The ecosystem is young. Node.js has 15 years of battle-tested middleware. zigttp's virtual modules are new. Edge cases that the jsonwebtoken npm package handles correctly might not be covered yet.

These are real tradeoffs. For high-throughput API gateways where microseconds matter, the performance gains justify the constraints.

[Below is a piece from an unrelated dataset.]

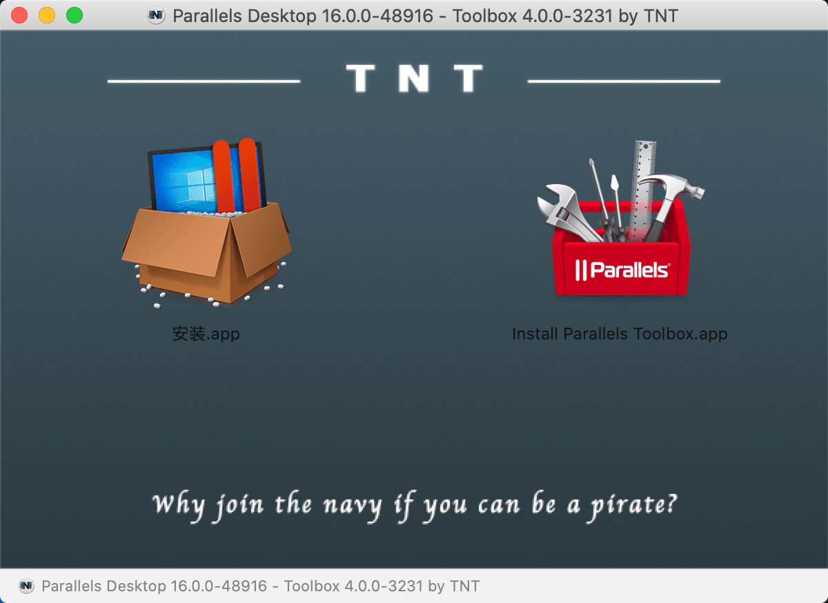 不过有一些用户反馈在安装Parallels Desktop 16时安装失败,打开“Parallels_Desktop_16.0.0-48916__Toolbox_4.0.0-3231_by_TNT.dmg”装载磁盘映像后,双击打开“安装.app”弹出提示:

For a CRUD app handling 100 requests per minute, you're better off with the ecosystem maturity of Node.js or Deno.

Next Steps

If you want to dig deeper:

zigttp:auth also exports jwtSign for token creation - useful if you're building an auth service rather than just consuming tokens.

zigttp:validate supports coerceJson for type coercion (query params as numbers, for instance) and schemaDrop to free compiled schemas if you're doing dynamic schema loading.

zigttp:cache exposes cacheStats for monitoring hit rates and eviction counts - essential for tuning your LRU size in production.

zigttp:authz supports policy hot-reloading via policyUpdate - you can push new role definitions without restarting the server.

The pattern extends to anything that fits the profile: deterministic, performance-sensitive, stable interface. The zigttp: namespace is the boundary between "interpret this" and "just execute it." Every operation on one side of that line is cycles you're not wasting on interpretation.


The zigttp source code is on GitHub. The virtual modules are part of the runtime - clone, build, and the zigttp: imports work immediately.